I think the OP wrote "while it's still all on paper." Which is a skill worth working on, even if "optimum" is never fully achieved and even if the OP didn't say what the circumstances were. It means the OP needs to get a handle on BJTs, which is good.
For some specific, worked examples of designing a degenerative 1-BJT common emitter voltage amp stage, the better I've seen done by hand were in the Student Manual for the Art of Electronics, 2nd ed. Not the textbook, but the student manual, where it walks one through a cookbook ordering of steps with some whys. Together with the textbook, it's decent.
I remember your descriptions and your web links (which I appreciated) regarding these things, too. But one needs a little more background, I think, to appreciate the approaches better.
Also, the OP provides _no_ information about their own background, skills, what they feel they understand. The one thing we do know is that the OP does _not_ feel they understand "BJT biasing," for whatever purpose they may have in mind.
Two things that helped me quite a bit, book-learning wise and aside from AofA and its student manual, were:
Ian Getreu's "Modeling the Bipolar Transistor," 1979 printing of the 1976 book; and, Andrei Vladimirescu's "The SPICE Book," 1994
Ian's book has been digitized and made available from Lulu, about a month ago. (Tektronix was the prior publisher and they stopped doing that in 1979.) One of the things it does is to approach, for those interested, the BJT models from a physical understanding approach starting with Ebers & Moll's 1954 paper and moving forward with explanations and reasons along the way through Gummel-Poon (1970). These include excellent graphs and charts which illustrate in great detail many important elements in a way I haven't seen in print before. That's the first half of the book. The other half is about how to set up and measure the parameter values, which enhances the theory a great deal I think.
Clive Maxfield has done a recent review:
But without knowing much about the OP or what problem is being worked, it's really hard to know what to suggest. And the OP has remained silent on this. Oh, well.
Hope you are doing fine, Jon
Perhaps I scared him off with my earlier reply, saying that certain criteria should first be defined to make the term "optimum" meaningful, while citing several examples of such criteria. If that's the case, it was not my intention.
Hey pimpom,
No no, not scared, off, trying to get a handle on all that was mentioned for thorough understanding and application of such. Still working on it, as I only have a little time each day to work on this.
What I am trying to do: build a "hearing aid" for my shortwave radio, essentially an RF amplifier that I can tune, which will filter out most of the crap surrounding the station of interest, before feeding the output to my Sony ICF 7600 for further cleanup/amplification. Originally tried working with JFETs, but gave up on that when I found they don't really offer any greater amplification than bipolars. Finally settled on the NTE199 (and I don't know what that replaces) due to it's minimum 400Hfe. Am thinking three of these in series would probably suffice for what I am wanting. Found a biasing tutorial at
My background: Taught myself the fundamentals of electronics in high school (30+ years ago) and went to a trade school to get a better understanding of such. Worked on peripheral computer equipment in a mainframe environment and than in a mini-system/small business environment for 12 years before auto-accident/head injury left me on disability. Am trying to get back into the loop, just to stay mentally limber if for no other reason. Also fix things for family and friends on occasion.

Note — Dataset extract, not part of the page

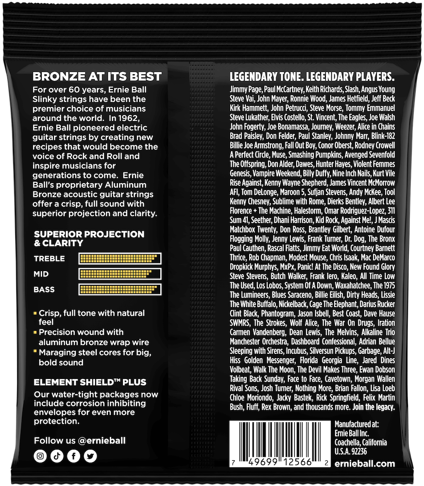 Ernie Ball Aluminum Bronze Acoustic Guitar Strings feature more projection and clarity than traditional bronze strings, while also providing improved corrosion resistance. Aluminum Bronze Acoustic strings are made with Ernie Ball Maraging Steel hex cores and Aluminum Bronze wrap wire which provide more pronounced lows coupled with crisp brilliant highs. Made from a blend of copper and aluminum specifically tailored for acoustic guitar strings. Medium Light gauge .012, .016, .024, .032, .044, .054 • MFSKU P02566 • UPC 749699125662

Current understanding: I am thinking that if I can plot the load line for the transistor in question and determine the Q-point, I will be halfway there. Am just wondering if there is anything else I should do before setting down at the workstation.
The reason for all of this is, I live in a house with steal siding that shields my whip antenna from all but the most powerful broadcasts under 30 MHz. Am wanting to be able to pick up Voice of Korea without an outside antenna, from my bedroom. Not easy. Have already built the basic project, but it doesn't work as well as I think it should. Trying to improve it.
That's the basic blurb. Didn't get scared away, just impressed with all there is to know and understand. Sorry it took me so long to reply. Holiday busyness, and my disability got in the way. Can upload the entire scematic to abse, if anyone really cares. It's still in transition though.
Thanks, all, for your input. I am busy chasing down ideas now.
Dave
PS: Merry Christmas, everybody.
Some of us have trouble accessing binaries at abse. Perhaps you could upload the schematic to a free image hosting site instead. Imageshack is just one example of such a site.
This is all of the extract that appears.